> **What to work on**
In the entries below, find the line with "Le set comprend" and the line with "Cozy armchair beside". Repeat exactly everything between them, those two lines included, but not the pictures.

> **Materials provided**

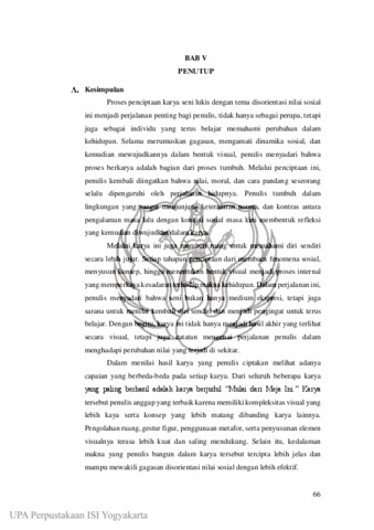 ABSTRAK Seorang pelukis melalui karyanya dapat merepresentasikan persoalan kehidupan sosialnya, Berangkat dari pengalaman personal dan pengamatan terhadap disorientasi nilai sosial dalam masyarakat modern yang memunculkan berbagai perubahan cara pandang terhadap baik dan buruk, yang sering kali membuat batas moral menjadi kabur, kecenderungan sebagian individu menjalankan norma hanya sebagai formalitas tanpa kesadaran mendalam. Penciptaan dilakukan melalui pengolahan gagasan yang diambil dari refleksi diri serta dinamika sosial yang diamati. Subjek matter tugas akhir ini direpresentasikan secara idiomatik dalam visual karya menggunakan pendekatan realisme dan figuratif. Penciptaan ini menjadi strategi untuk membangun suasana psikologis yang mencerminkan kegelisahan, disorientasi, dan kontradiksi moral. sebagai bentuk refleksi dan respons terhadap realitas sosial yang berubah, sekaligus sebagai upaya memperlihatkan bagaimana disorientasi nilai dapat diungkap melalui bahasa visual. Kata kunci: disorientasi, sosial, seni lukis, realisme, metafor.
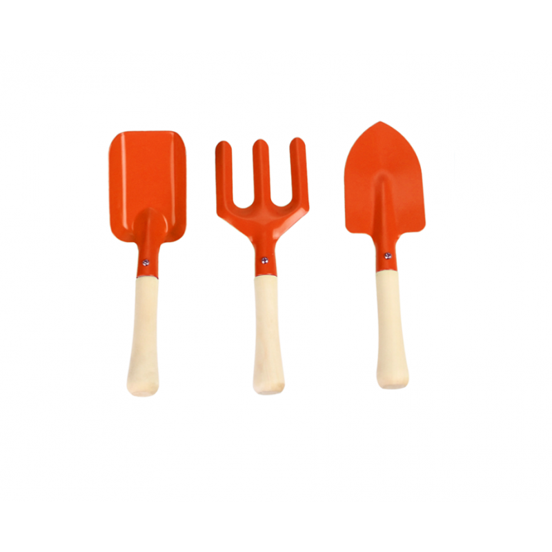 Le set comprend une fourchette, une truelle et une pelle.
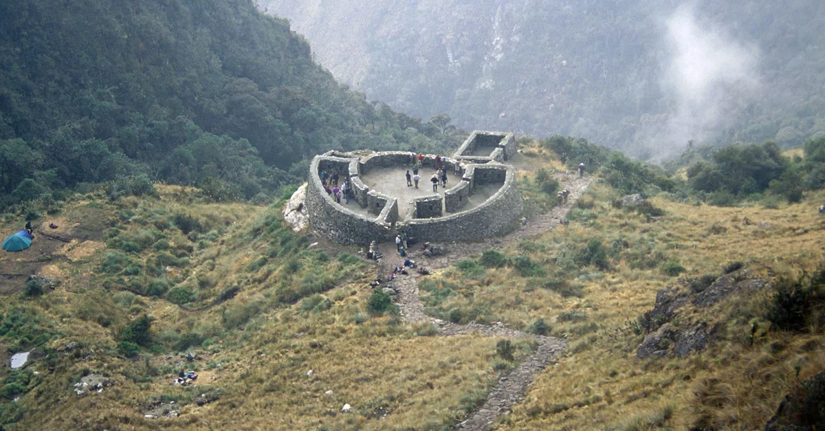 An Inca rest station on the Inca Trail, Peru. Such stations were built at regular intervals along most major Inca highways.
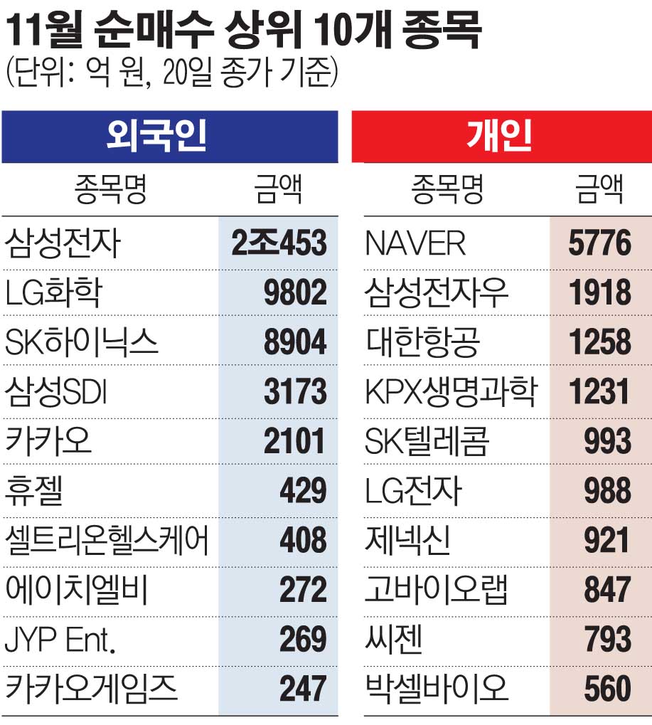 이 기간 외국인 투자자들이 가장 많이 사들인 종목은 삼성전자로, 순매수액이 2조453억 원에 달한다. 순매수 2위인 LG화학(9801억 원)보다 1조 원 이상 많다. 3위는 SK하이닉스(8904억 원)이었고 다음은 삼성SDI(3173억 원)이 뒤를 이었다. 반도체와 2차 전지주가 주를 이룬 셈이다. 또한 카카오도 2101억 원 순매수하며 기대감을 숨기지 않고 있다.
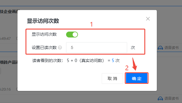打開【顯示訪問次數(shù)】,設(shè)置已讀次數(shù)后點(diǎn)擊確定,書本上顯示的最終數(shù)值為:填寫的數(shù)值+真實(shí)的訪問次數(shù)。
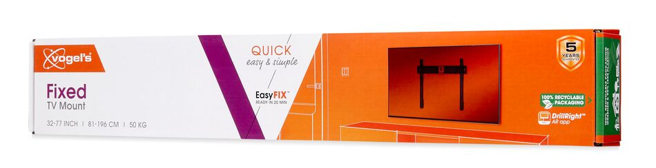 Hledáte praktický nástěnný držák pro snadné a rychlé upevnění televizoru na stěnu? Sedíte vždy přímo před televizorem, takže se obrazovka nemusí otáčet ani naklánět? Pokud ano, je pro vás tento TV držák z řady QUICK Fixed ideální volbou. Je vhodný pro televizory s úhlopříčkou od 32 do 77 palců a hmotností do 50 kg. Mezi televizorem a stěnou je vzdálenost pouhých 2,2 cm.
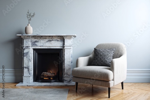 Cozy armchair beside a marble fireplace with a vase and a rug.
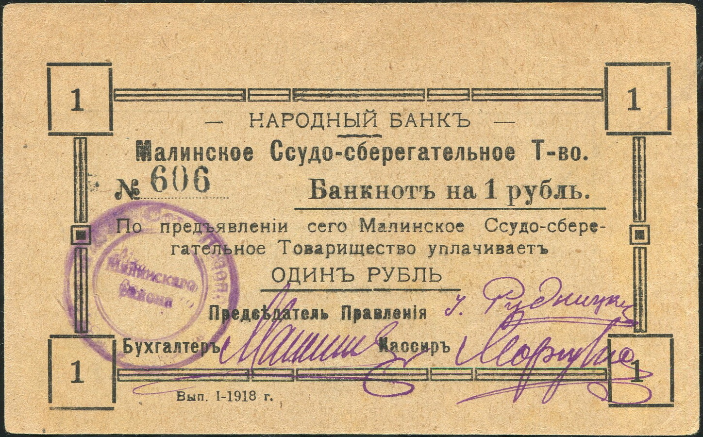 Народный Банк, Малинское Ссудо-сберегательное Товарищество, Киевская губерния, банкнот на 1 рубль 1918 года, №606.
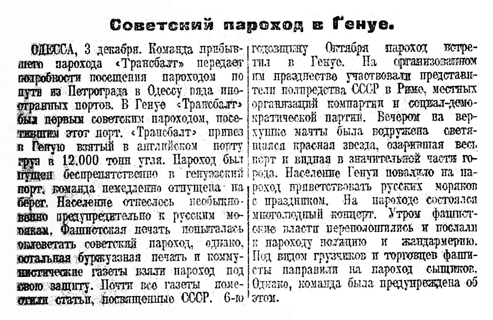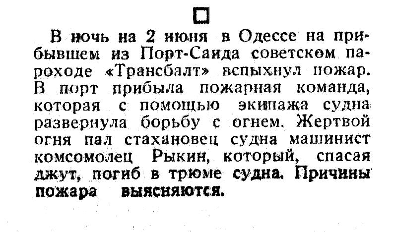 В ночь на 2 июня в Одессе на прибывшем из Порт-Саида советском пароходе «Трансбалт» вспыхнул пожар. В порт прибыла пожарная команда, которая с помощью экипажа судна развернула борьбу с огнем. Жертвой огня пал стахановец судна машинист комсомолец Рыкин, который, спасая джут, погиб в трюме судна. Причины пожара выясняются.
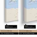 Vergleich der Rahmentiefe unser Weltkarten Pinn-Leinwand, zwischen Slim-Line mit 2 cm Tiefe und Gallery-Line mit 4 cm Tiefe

---

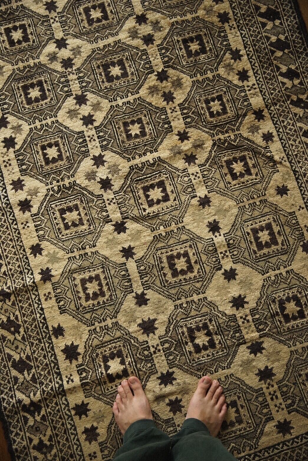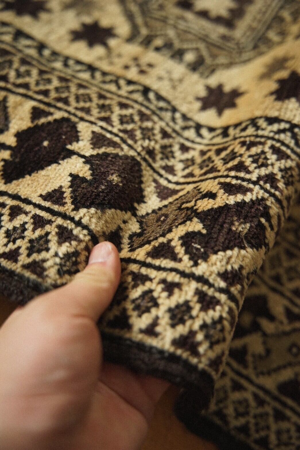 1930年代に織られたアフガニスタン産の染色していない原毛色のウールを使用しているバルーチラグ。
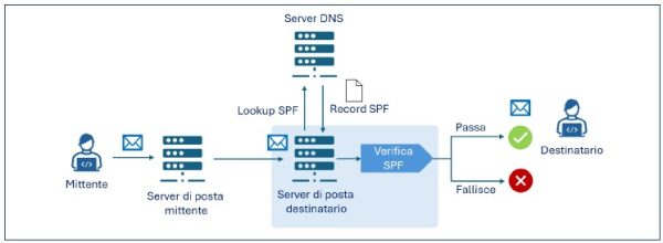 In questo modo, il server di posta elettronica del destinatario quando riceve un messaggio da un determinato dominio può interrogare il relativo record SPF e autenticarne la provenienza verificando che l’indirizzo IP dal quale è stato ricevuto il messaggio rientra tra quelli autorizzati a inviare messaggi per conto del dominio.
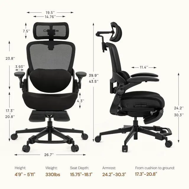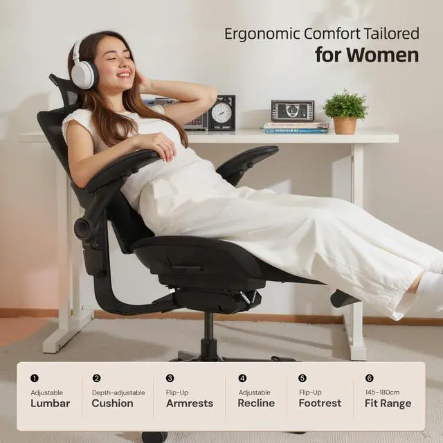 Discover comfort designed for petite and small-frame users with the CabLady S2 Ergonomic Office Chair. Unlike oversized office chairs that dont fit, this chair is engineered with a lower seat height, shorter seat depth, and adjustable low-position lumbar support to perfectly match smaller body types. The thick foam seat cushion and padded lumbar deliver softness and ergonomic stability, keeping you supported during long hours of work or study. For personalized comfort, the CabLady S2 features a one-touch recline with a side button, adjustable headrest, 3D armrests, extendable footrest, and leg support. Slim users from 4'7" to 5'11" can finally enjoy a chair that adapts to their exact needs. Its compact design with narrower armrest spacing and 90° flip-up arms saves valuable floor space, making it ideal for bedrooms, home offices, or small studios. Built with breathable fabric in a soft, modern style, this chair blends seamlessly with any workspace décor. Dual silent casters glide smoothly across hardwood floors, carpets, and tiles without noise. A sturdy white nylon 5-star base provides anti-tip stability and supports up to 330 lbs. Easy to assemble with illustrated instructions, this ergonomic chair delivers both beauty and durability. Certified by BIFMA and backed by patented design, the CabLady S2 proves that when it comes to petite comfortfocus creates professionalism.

...

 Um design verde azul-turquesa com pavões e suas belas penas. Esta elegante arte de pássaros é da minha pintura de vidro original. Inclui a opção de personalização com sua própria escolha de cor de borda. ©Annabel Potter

> **Expected output**
 Le set comprend une fourchette, une truelle et une pelle.
 An Inca rest station on the Inca Trail, Peru. Such stations were built at regular intervals along most major Inca highways.
 이 기간 외국인 투자자들이 가장 많이 사들인 종목은 삼성전자로, 순매수액이 2조453억 원에 달한다. 순매수 2위인 LG화학(9801억 원)보다 1조 원 이상 많다. 3위는 SK하이닉스(8904억 원)이었고 다음은 삼성SDI(3173억 원)이 뒤를 이었다. 반도체와 2차 전지주가 주를 이룬 셈이다. 또한 카카오도 2101억 원 순매수하며 기대감을 숨기지 않고 있다.
打開【顯示訪問次數(shù)】,設(shè)置已讀次數(shù)后點(diǎn)擊確定,書本上顯示的最終數(shù)值為:填寫的數(shù)值+真實(shí)的訪問次數(shù)。
 Hledáte praktický nástěnný držák pro snadné a rychlé upevnění televizoru na stěnu? Sedíte vždy přímo před televizorem, takže se obrazovka nemusí otáčet ani naklánět? Pokud ano, je pro vás tento TV držák z řady QUICK Fixed ideální volbou. Je vhodný pro televizory s úhlopříčkou od 32 do 77 palců a hmotností do 50 kg. Mezi televizorem a stěnou je vzdálenost pouhých 2,2 cm.
 Cozy armchair beside a marble fireplace with a vase and a rug.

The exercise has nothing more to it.